It's amazing what your mind can come up with when your so tired you don't
feel any emotion except weariness and lack of sleep, and your sitting in a
stupid boring English class, supposedly graphing the sentences... LOL.
Here are my thoughts on how Kurt may feel at times, Kurt, and every other
Anime show loners. (it definitely relates to real life too ) Thank you
God for inspiring me to write this!

The Real Me
By: Me

I am surrounded by friends
Yet totally alone.
I laugh and have fun
But feel empty inside.
I hang out with people I call friends,
And yet, none of them know me
The real me.

The real me
Has been hidden,
From the cruel, harsh world
Because if I didn't
It would destroy me.
Break my will
And destroy my soul.

The world would mock me
Mock my fears and dreams,
My weaknesses,
Even though I can do nothing about them
But hide them.

And so I do
I hide behind the fake-me
Watching quietly
As the real me slowly disappears.

This facade
Has become who I am
And who I must remain being
Because it's too late to stop,
Being what I'm not.

Some people have tried,
Tried to get past my protective shield,
And know the real me.
Sometimes I let them,
But then get scared of
What they will say
And what they will do
When they see who I really am inside.

So I replace my barrier
And push them away again
They ask to belet in
But I won't
I'm too afraid of how they will react
When they see who I really am
Inside.

They say I can't push them away from them forever,
Can't keep resisting them,
And I know they're right,
But it's too late
Too late to break the awful habit
Of being someone I'm not.

I tried being myself once,
For just a little while.
It didn't go so well
My fears became reality
And all my friends turned away,
Saying I had changed and
Claiming they didn't know who I was anymore.

In my mind I told them
'You never knew me,
And probably never will'
Because the real me is dying,
Dying from being smothered
From always being hidden.

But hide it I must
And so once again I hide behind
This false personality of mine
My protective shield from the world
My barrier, my wall
That cannot be allowed to fall.

So I just smiled and said,
"It's just a phase,"
I blamed it on school, family, hormones,
Anything,
To make them come back,
Come back and accept me
For who I'm really not.

The real me is no more,
No longer the real me,
Because I have pushed it away
Never to resurface
Ever again.

But yet, it will not disappear completely,
For the real me
Will always be there
Deep inside
Waiting,
To be shown to the world.

And also,
The real me
Cannot be hidden from our father,
Who art in heaven
Hallowed be thy name
Thy kingdom come
Thy will be done
On earth as it is in heaven.

But until then,
Until that time when I can be the real me,
Only I and our Father, Christ, Jesus,
Will be the ones to know,
Know, of the real me,
Hidden deep inside.
And only when I am alone with the Father,
When the world can not see me,
Will I let out the real me,
freely.

But maybe,
Maybe someday,
I will meet someone,
Someone special,
Special enough to want to know and love the real me
For all my quirks and flaws.

When that happens
I will reach deep into my soul
And let the real me finally resurface
Forever and ever
To be loved and cherished
Appreciated and cared for.

The real me will wait patiently for that day.
The day when I will finally,
Be free...

End

I think this turned out nicely.

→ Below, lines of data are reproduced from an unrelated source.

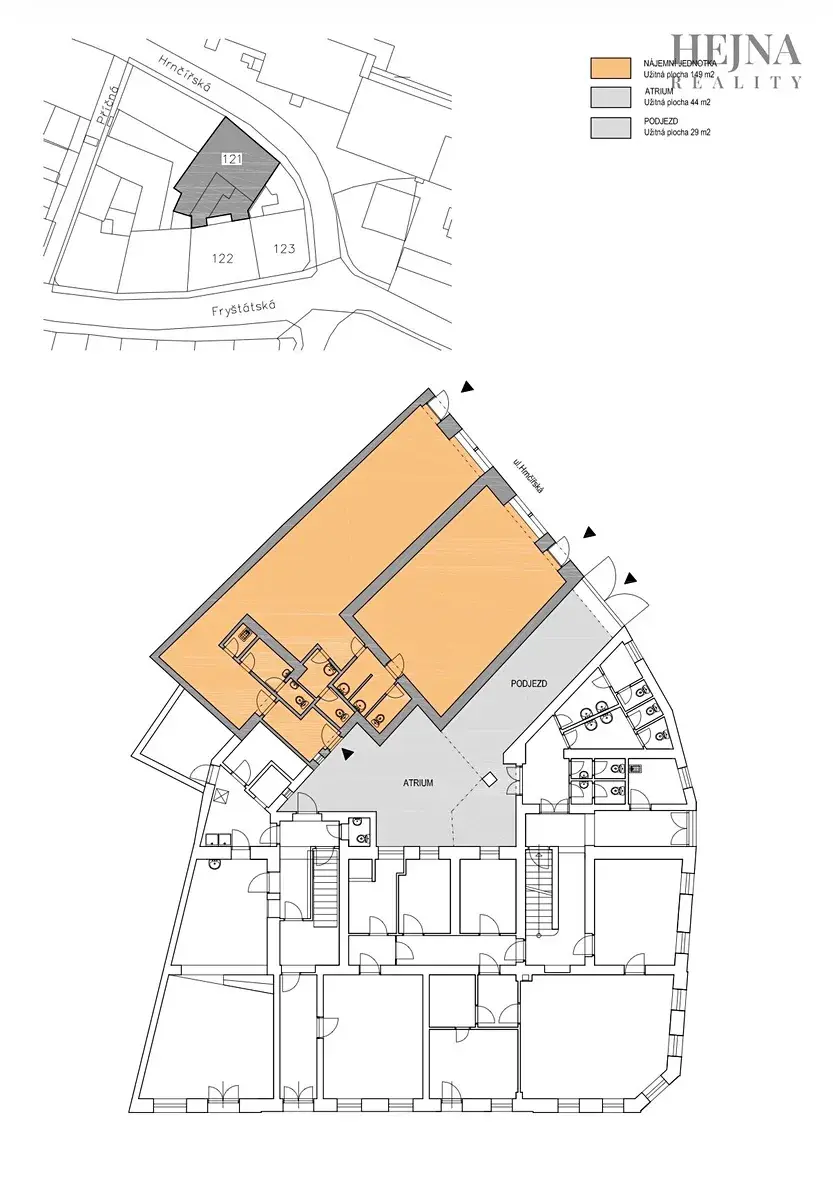 K prostoru náleží také dvůr (atrium) a možnost vjezdu přes vrata, což je velkou výhodou například pro zásobování, parkování nebo kombinaci provozu se skladem.
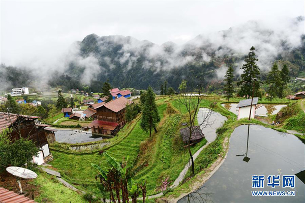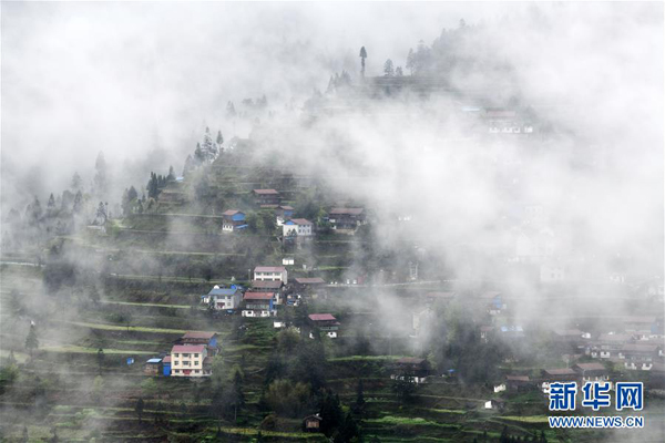 當日,在貴州省黔東南苗族侗族自治州,一場春雨過后,村莊、山川、田野在薄霧中若隱若現(xiàn),美若畫卷。
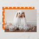 Comparte la alegría de Halloween con esta adorable tarjeta de Halloween con temática de mascota que muestra la foto horizontal de tu mascota y la frase "Pawsitivamente Spooky" en un guión escrito a mano en blanco. Personalice el frente con el saludo de su personalizado, el nombre de su familia y el año para que le den un toque más sincero. En el reverso se muestra un naranja lúdico y un patrón de huellas de pata blanca, lo que hace que este diseño sea perfecto para enviar saludos festivos de mascota de Halloween a amigos y familiares.
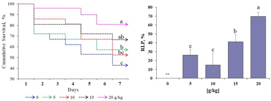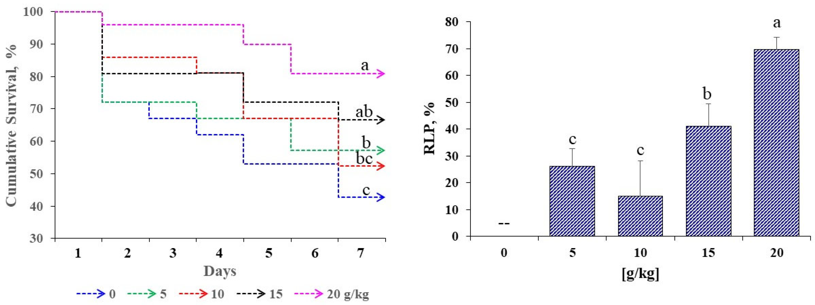 p < 0.05). Final survival increased with dose, peaking at 20 g/kg, whereas the control recorded the lowest values. RLP followed the same pattern, with a maximum at 20 g/kg, while 5 g/kg and 10 g/kg did not differ significantly from each other. The higher doses yielded the best performance in both growth and survival.
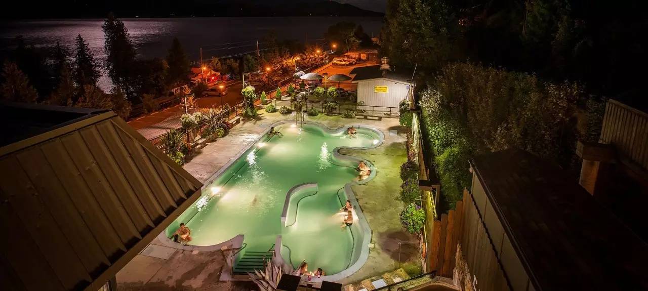 如果您在一个世纪前来到纳卡斯普村镇(the village of Nakusp)附近箭湖(Arrow Lake)岸边,您也许会看到一座豪华的旅馆,古色古香的小屋,必不可少的酒吧和赌场等不列颠哥伦比亚地区被开发早期显著的场景。而现在这里则是哈尔西恩温泉度假村和水疗中心(Halcyon Hot Springs Village and Spa)。
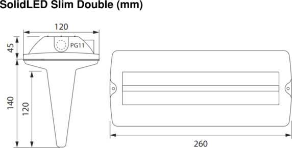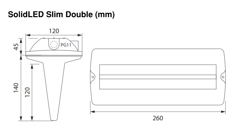 SolidLed Slim kommer med 4st piktogram för alla riktningar och ett läsavstånd på 23m. Armaturen är utrustad med ett miljövänligt LiFoPo4-batteri som ger möjligheten att välja på 1h eller 3h backup tid. Självtestet utför ett test var 15e dag och gör då ett funktionstest, och ett fullskaligt test i 60min en gång per år.
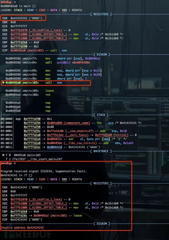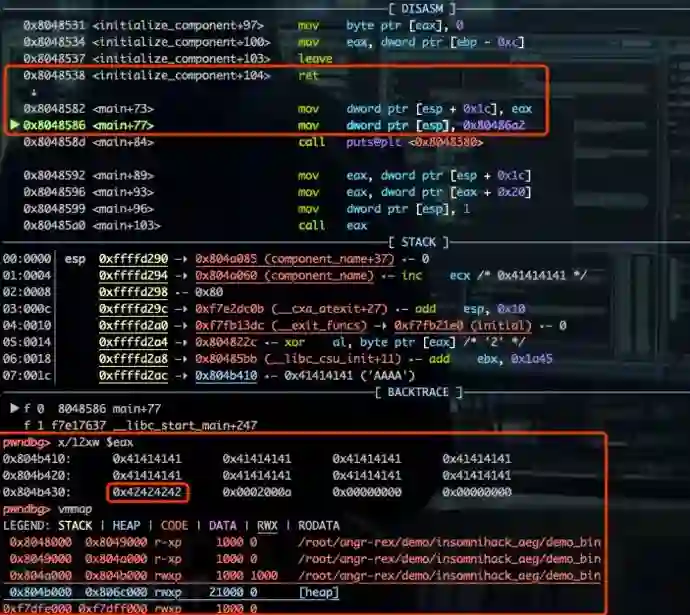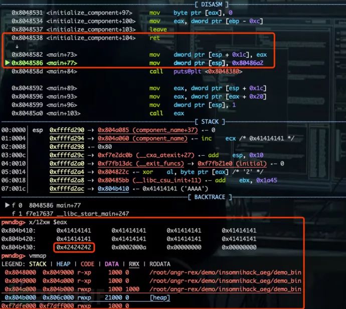 继续调试,单步至 initializacomponent( char *cmpnaem) 函数返回,查看此时内存情况。可见 cmp 在堆上的地址为 “0x804b410”,而 cmp->do_something(1) 所对应的地址 “0x804b430” 此刻已被 “\x42\x42\x42\x42” 所覆盖,如下图所示。

This was originally an original poem
written at a time when FF.N didn't host original works, and so I said it
was from Kurts POV, which wasn't necessarily false. Even now, when they
have Fiction Press, I think I'll keep it here just because it belongs here
anyway.

February 25, 2004: I've gone back and edited the poem a bit. You may not be
able to tell the difference, but I changed a few words, deleted a whole
stanza, and just a few other little things to make it all the better.